WHAT TO WORK ON => Beginning with the first line, return the material verbatim and without pictures.

START RAW DATA

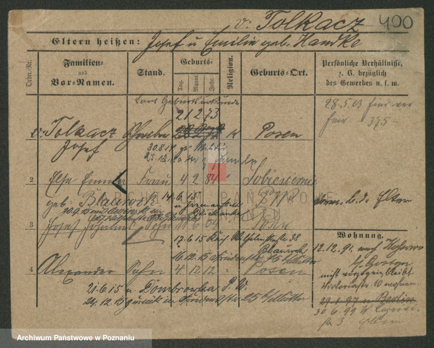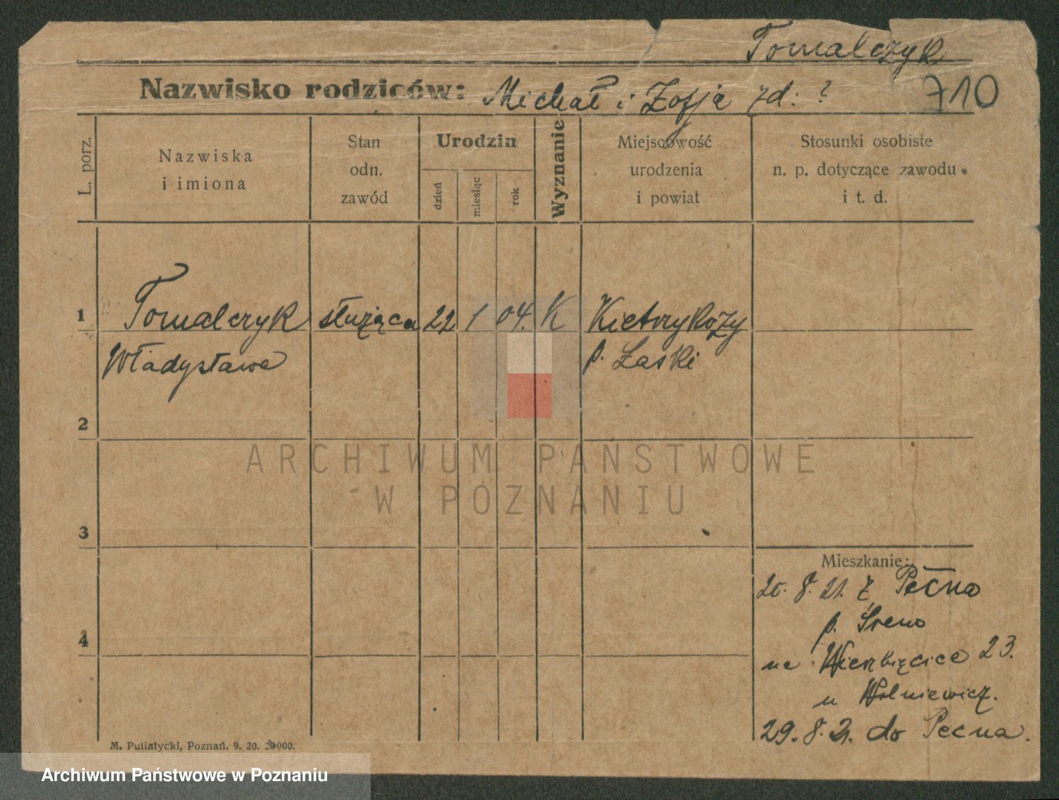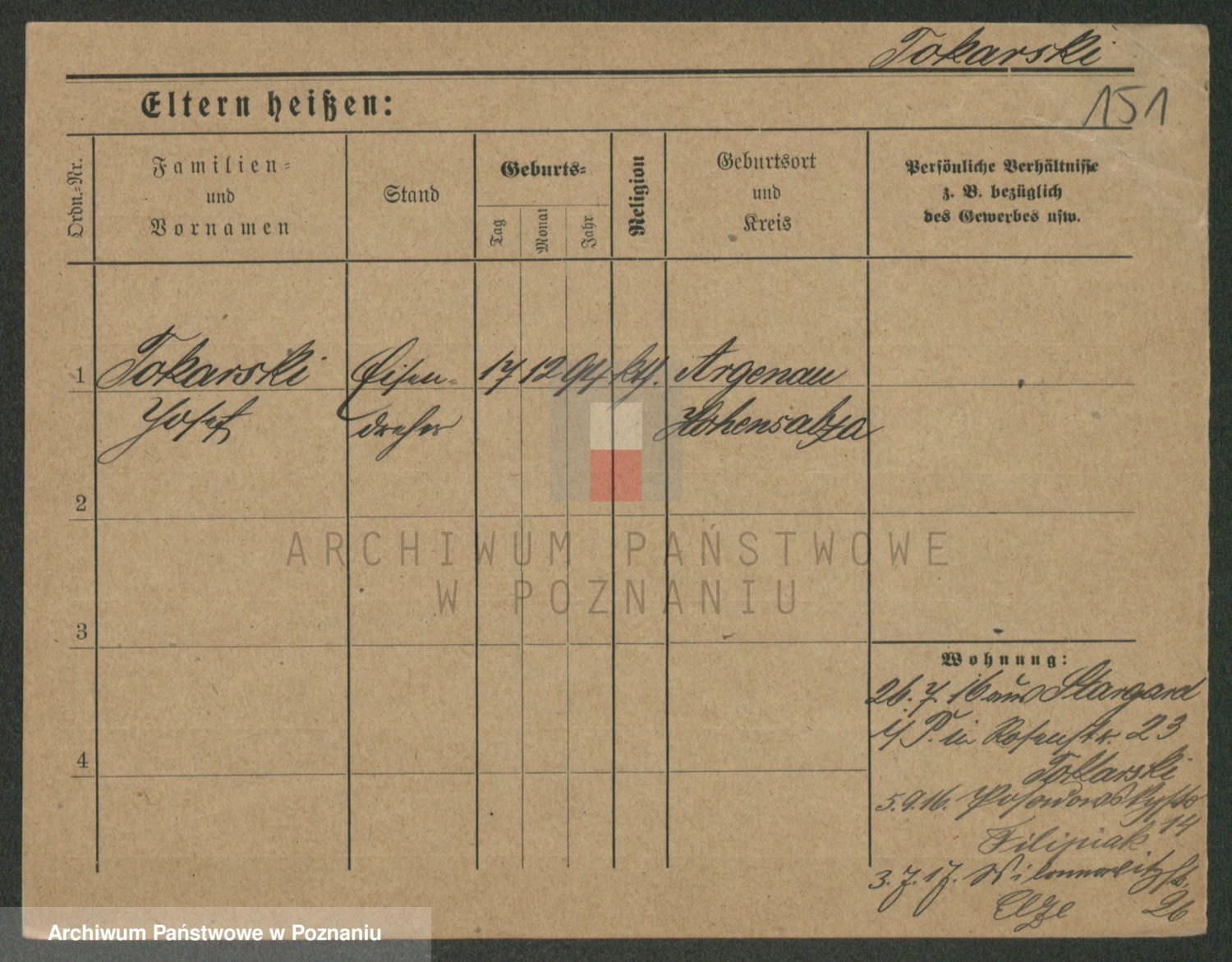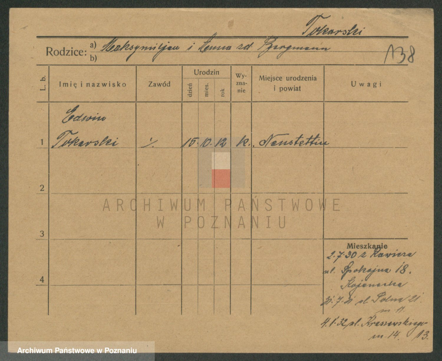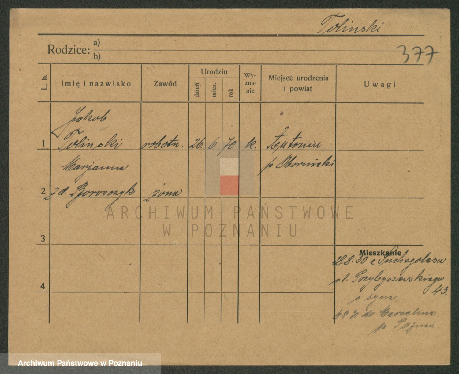 Podgląd karty osobowej dostępny jest po kliknięciu na nazwisko lub ikonkę karty. Można dokonywać powiększenia (ikony na górze) lub przechodzić między kolejnymi skanami (strzałki po bokach).
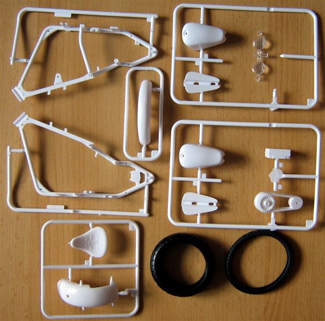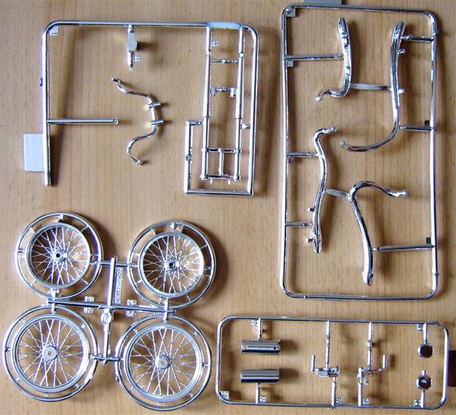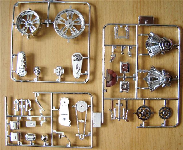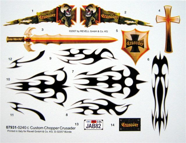 Der Bausatz bietet die Möglichkeit, das Modell in der Heck Chopper Ausführung wahlweise im Totenschädel- oder Eiserne-Kreuz-Design zu bauen oder Teile zu kombinieren, wie man es halt möchte.
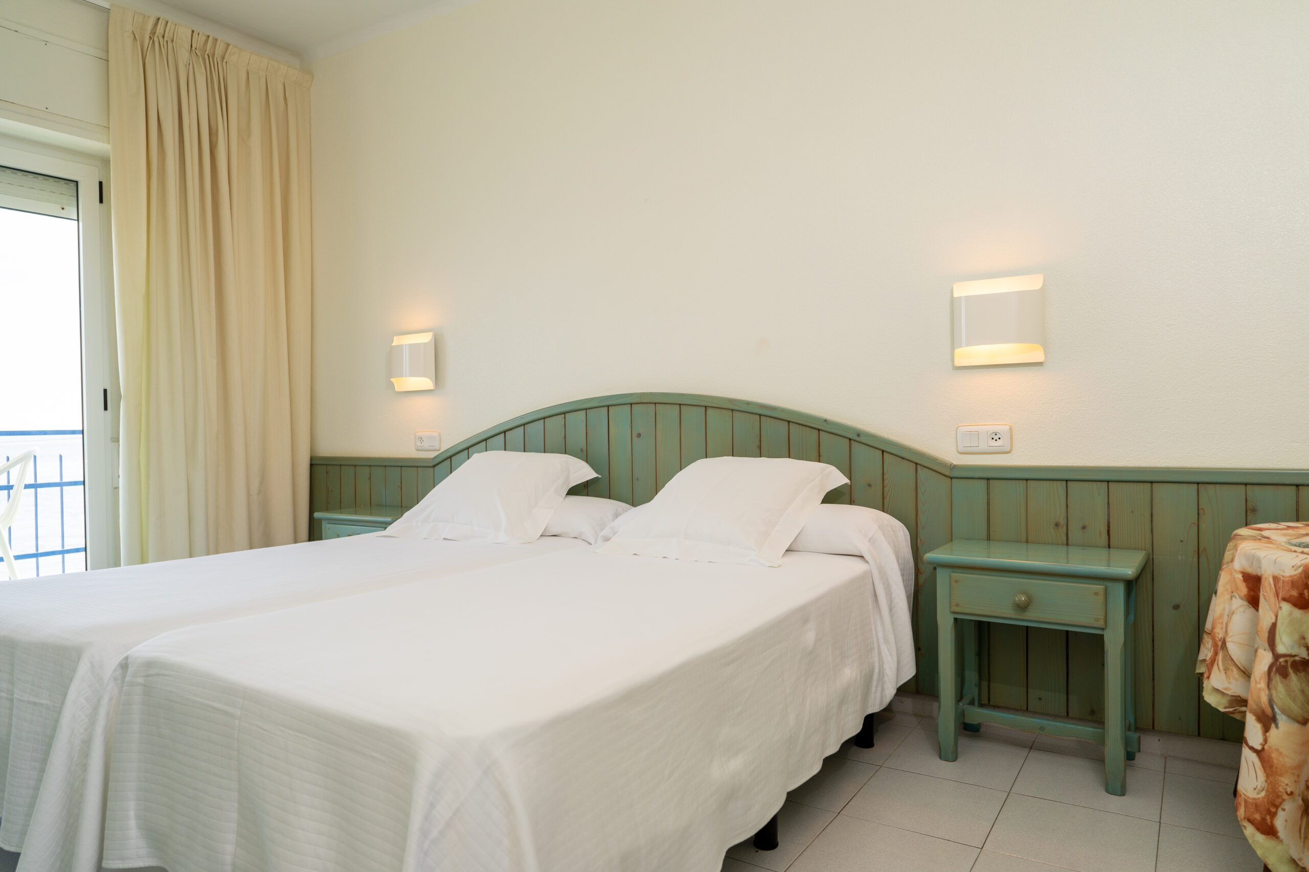Vi skal bo på det sjarmerende, familiedrevne Hotel Juanito Platja, med bare 30 rom som vi har reservert eksklusivt for oss selv – vårt helt eget hotell der alle rommene har havutsikt!

END RAW DATA

TASK SOLUTION =>
 Podgląd karty osobowej dostępny jest po kliknięciu na nazwisko lub ikonkę karty. Można dokonywać powiększenia (ikony na górze) lub przechodzić między kolejnymi skanami (strzałki po bokach).
 Der Bausatz bietet die Möglichkeit, das Modell in der Heck Chopper Ausführung wahlweise im Totenschädel- oder Eiserne-Kreuz-Design zu bauen oder Teile zu kombinieren, wie man es halt möchte.
Vi skal bo på det sjarmerende, familiedrevne Hotel Juanito Platja, med bare 30 rom som vi har reservert eksklusivt for oss selv – vårt helt eget hotell der alle rommene har havutsikt!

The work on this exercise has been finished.